BEGIN Given data

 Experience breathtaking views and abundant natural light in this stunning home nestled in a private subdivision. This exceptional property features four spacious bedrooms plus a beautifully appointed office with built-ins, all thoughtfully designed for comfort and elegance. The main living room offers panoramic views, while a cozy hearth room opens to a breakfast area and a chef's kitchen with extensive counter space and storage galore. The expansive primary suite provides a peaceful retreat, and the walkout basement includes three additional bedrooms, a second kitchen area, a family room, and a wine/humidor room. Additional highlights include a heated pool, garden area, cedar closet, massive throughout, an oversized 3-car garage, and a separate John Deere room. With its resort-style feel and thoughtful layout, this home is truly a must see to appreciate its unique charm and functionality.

END Given data
BEGIN Given data

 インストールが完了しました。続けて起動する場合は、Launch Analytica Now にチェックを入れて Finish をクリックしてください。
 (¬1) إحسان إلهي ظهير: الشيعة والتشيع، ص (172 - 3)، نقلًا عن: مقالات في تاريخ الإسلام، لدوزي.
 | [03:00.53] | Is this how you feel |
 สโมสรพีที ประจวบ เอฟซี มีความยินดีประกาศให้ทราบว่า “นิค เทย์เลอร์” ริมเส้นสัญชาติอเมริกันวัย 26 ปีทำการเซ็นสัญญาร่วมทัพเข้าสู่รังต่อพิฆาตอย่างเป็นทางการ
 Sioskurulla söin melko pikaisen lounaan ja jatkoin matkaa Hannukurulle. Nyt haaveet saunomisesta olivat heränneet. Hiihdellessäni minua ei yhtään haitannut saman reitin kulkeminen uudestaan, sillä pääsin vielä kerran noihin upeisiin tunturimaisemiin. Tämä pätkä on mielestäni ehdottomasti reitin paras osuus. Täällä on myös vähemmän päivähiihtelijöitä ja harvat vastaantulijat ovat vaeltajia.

END Given data

Problem description: When you reach the line containing "インストールが完了しました。続けて起動する場合は、Launch Analytica Now" in the data above, start copying exactly, and stop after the line containing "Sioskurulla söin melko".

Your solution:
 インストールが完了しました。続けて起動する場合は、Launch Analytica Now にチェックを入れて Finish をクリックしてください。
 (¬1) إحسان إلهي ظهير: الشيعة والتشيع، ص (172 - 3)، نقلًا عن: مقالات في تاريخ الإسلام، لدوزي.
 | [03:00.53] | Is this how you feel |
 สโมสรพีที ประจวบ เอฟซี มีความยินดีประกาศให้ทราบว่า “นิค เทย์เลอร์” ริมเส้นสัญชาติอเมริกันวัย 26 ปีทำการเซ็นสัญญาร่วมทัพเข้าสู่รังต่อพิฆาตอย่างเป็นทางการ
 Sioskurulla söin melko pikaisen lounaan ja jatkoin matkaa Hannukurulle. Nyt haaveet saunomisesta olivat heränneet. Hiihdellessäni minua ei yhtään haitannut saman reitin kulkeminen uudestaan, sillä pääsin vielä kerran noihin upeisiin tunturimaisemiin. Tämä pätkä on mielestäni ehdottomasti reitin paras osuus. Täällä on myös vähemmän päivähiihtelijöitä ja harvat vastaantulijat ovat vaeltajia.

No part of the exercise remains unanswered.